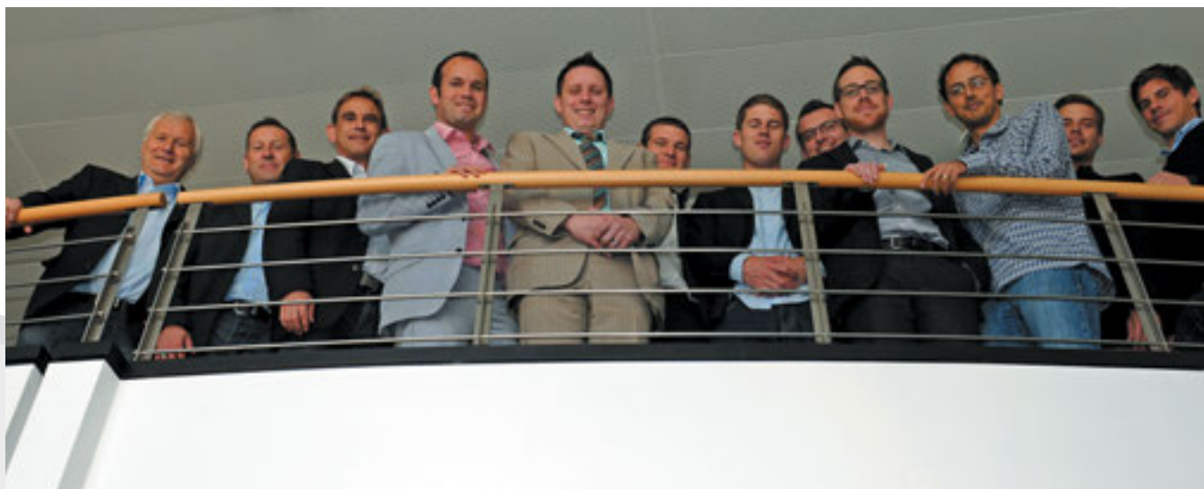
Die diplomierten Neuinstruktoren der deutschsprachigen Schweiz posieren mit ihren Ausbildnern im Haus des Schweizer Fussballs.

...

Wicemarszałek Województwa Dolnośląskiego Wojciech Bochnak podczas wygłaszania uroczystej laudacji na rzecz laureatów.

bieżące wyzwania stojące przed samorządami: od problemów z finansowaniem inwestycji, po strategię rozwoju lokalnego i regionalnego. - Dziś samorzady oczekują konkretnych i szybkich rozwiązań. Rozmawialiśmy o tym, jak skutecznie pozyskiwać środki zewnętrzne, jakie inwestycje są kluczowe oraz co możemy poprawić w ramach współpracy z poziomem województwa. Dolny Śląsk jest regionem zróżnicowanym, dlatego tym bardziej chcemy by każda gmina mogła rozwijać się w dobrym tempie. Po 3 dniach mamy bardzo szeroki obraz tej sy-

Task
In the listing above, find the line with "Wicemarszałek Województwa Dolnośląskiego" and the line with "bieżące wyzwania stojące", then reproduce both and every line between them exactly.

Written answer
Wicemarszałek Województwa Dolnośląskiego Wojciech Bochnak podczas wygłaszania uroczystej laudacji na rzecz laureatów.

bieżące wyzwania stojące przed samorządami: od problemów z finansowaniem inwestycji, po strategię rozwoju lokalnego i regionalnego. - Dziś samorzady oczekują konkretnych i szybkich rozwiązań. Rozmawialiśmy o tym, jak skutecznie pozyskiwać środki zewnętrzne, jakie inwestycje są kluczowe oraz co możemy poprawić w ramach współpracy z poziomem województwa. Dolny Śląsk jest regionem zróżnicowanym, dlatego tym bardziej chcemy by każda gmina mogła rozwijać się w dobrym tempie. Po 3 dniach mamy bardzo szeroki obraz tej sy-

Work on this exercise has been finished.